The first step is to reach out and establish a good collaboration with the community supporting database, that is the database that establishes nomenclature standards for and annotates the published data. Their curatorial staff are the experts that will determine what is important to vet and how to capture data useful to the community.
The microPublication Biology team came together in 2016 with the vision of building a system where expert curation can be part of the publishing workflow rather than as an unsustainable task by database curators after publication. The core team, composed of two established C elegans researchers, two Scientific Curators, Software Architect, and a strong Software Developer, had strong ties with the Model Organism Resource, Wormbase, the authoritative Knowledgebase dedicated to the model organism Caenorhabditis elegans. WormBase was built specifically to manage data produced by the worm community. That is, WormBase curators identify, capture, standardize, and annotate data from the published literature to make those data more findable, accessible, interoperable, and reusable by the community. Unfortunately, with the rapid pace of science discovery, we all knew that we would not be able to keep up with the ever growing body of published literature without the help of the authors who generate the data in the first place.

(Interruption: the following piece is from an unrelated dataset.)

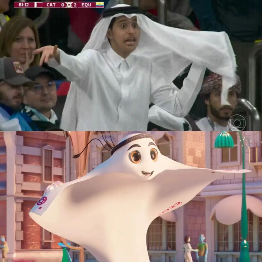 他在自家主场看到输球后直接被原地吓懵,无处安放的双手,撩“馄饨皮”头巾时焦急的样子,被P出了各种表情包。世界杯吉祥物拉伊卜极有可能是照着他设计的,人气指数直逼冰墩墩。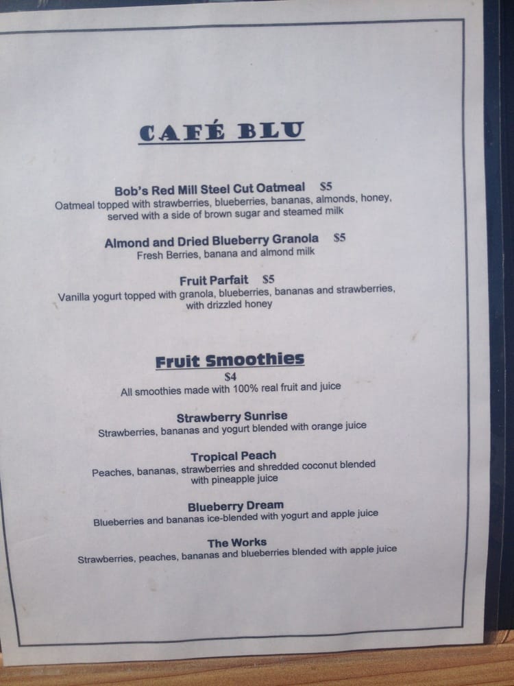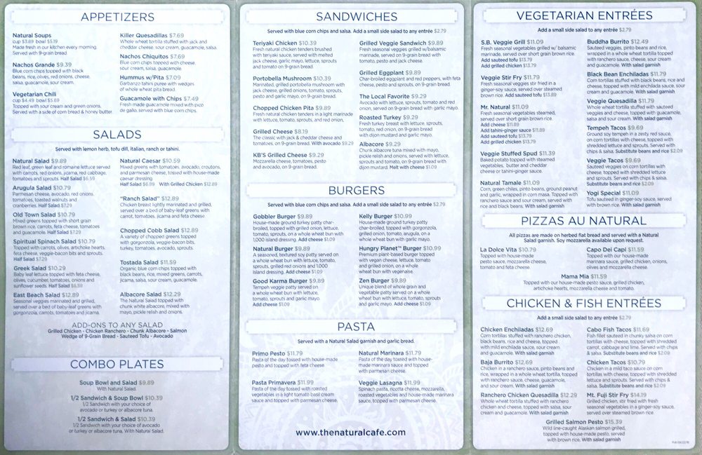 The Natural Cafe Menu

Our model of focusing on single experiments has resulted in rapid and transparent dissemination of scientific research findings that have proved valuable to our communities. These aspects allow us to recruit top scientists in the biological field, which has expanded our editorial team to over 50 people serving in different capacities; Scientific Curators, Managing Editors, Science Officers (Senior Scientific Editors), and Scientific Curators from various Databases. Managing Editors liaise daily with researchers, bioinformaticians, librarians and other stakeholders to make sure that the journal follows best practices in data sharing and data management. We also collaborate with the California Institute of Technology Library, who are our publisher, policy advisers, and article data archivers. We regularly meet with Caltech Library staff to discuss best practices for collecting article metadata.